Methods: Female BALB/C mice were immunized with disinfected SARS-CoV (PUMC01) and the spleen cells were fused with myeloma NS-1 cells. The hybridoma cell strains were screened by enzyme-linked immunosorbent assay (ELISA), indirect fluorescent-antibody assay (IFA) and Western blotting. Autopsy lung tissue sections from SARS patients were stained with ascites of monoclonal antibody (M2 strain) by immunohistochemical technique.

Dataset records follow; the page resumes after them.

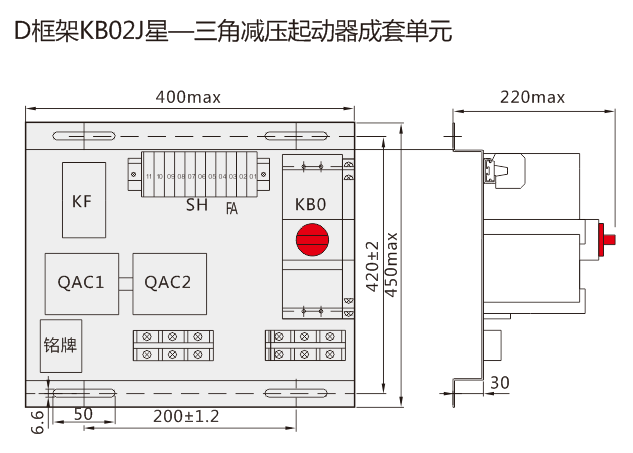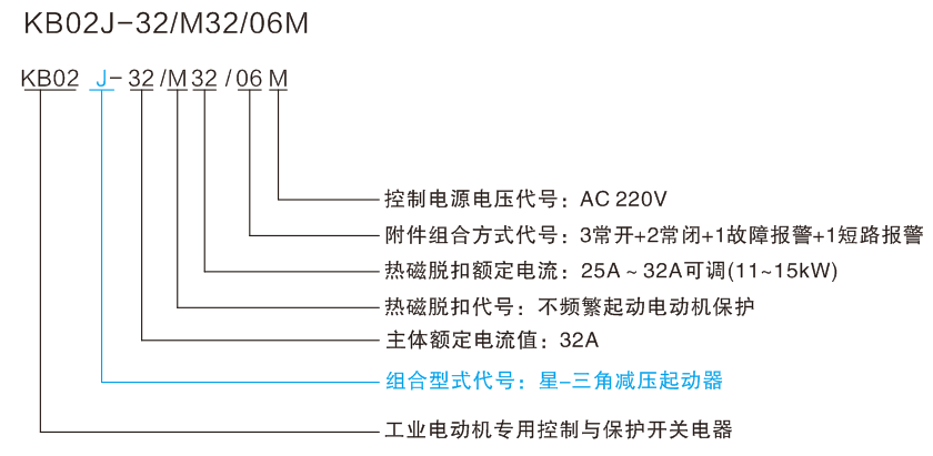 適用于電動機星-三角減壓起動的控制與保護,以KB02產(chǎn)品作為主開關(guān),與接觸器、時間繼電器、電氣聯(lián)鎖及控制回路組合構(gòu)成星-三角減壓起動的控制與保護裝置。
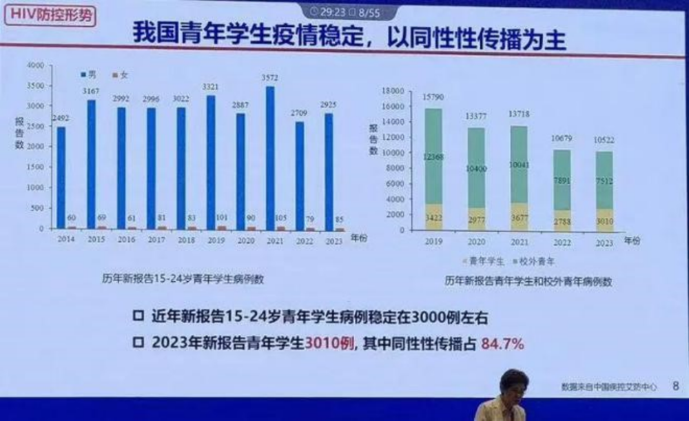 而据相关数据,2020年至2023年,新报告青年学生病例分别为:2977人、3677人、2733人、3010人,四年间共报告12397人。2010年至2023年间,报告青年学生感染病例已达35704人。
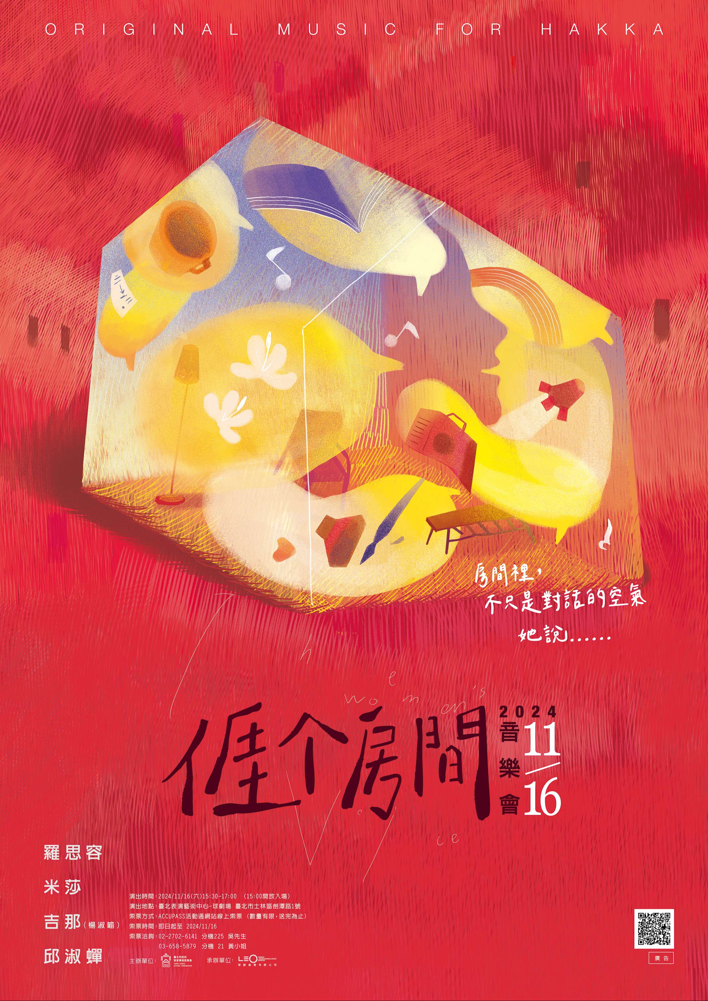 一、旨案今年以「客家女性的流變」為主軸,號召不同世代、 不同靈魂各自發光的8位受訪者,分享童年、家庭、社會、 人生經歷等多面向故事,期能以音樂的形式梳理出客家女 性的文化脈絡及不同世代的女性轉變,同時也觸及並涵納 同性婚姻與人工生殖等多元性別議題。 二、旨揭音樂會為描繪前揭受訪者的獨特生命姿態,特別邀請 客家流行音樂人羅思容、米莎、吉那、邱淑蟬創作歌曲, 另由金曲專輯製作人黃培育操刀製作,場地更選定臺北表 演藝術中心球劇場,以致力為觀眾呈現溫暖而觸動的音樂 饗宴,亦邀請觀眾探索客家文化與客家女性、客家多元性 別者之間的緊密關係。三、旨揭音樂會免費索票網址:https://reurl.cc/jyZj21;更 多精彩資訊請持續鎖定「臺北客家」或「臺北客莊音樂影 像故事」臉書粉絲專頁。 四、檢附旨揭音樂會海報1份。

Results: Six strains of hybridomas that produced the monoclonal antibodies against SARS-CoV were obtained. The hybridomas were tested to have specific reactions with SARS-CoV and no cross-reactivates with other common respiratory disease causing pathogens. Of the 6 strains, 1 was identified as the immunoglobulin G3 (IgG3) isotype, 5 were IgG1. Western blotting showed that one strain (M2) reacted with 68000- Dalton (68KD) protein and four strains with 27000-dalton (27KD) protein. Band of M4 stain was not got by western blotting. Brown particles were seen in macrophages and pneumocytes in autopsy lung tissues from SARS patients.
Conclusion: Monoclonal antibodies we made were specific to the SARS-CoV, and they had been used to detect SARS-CoV in autopsy lung tissues specimens with positive results.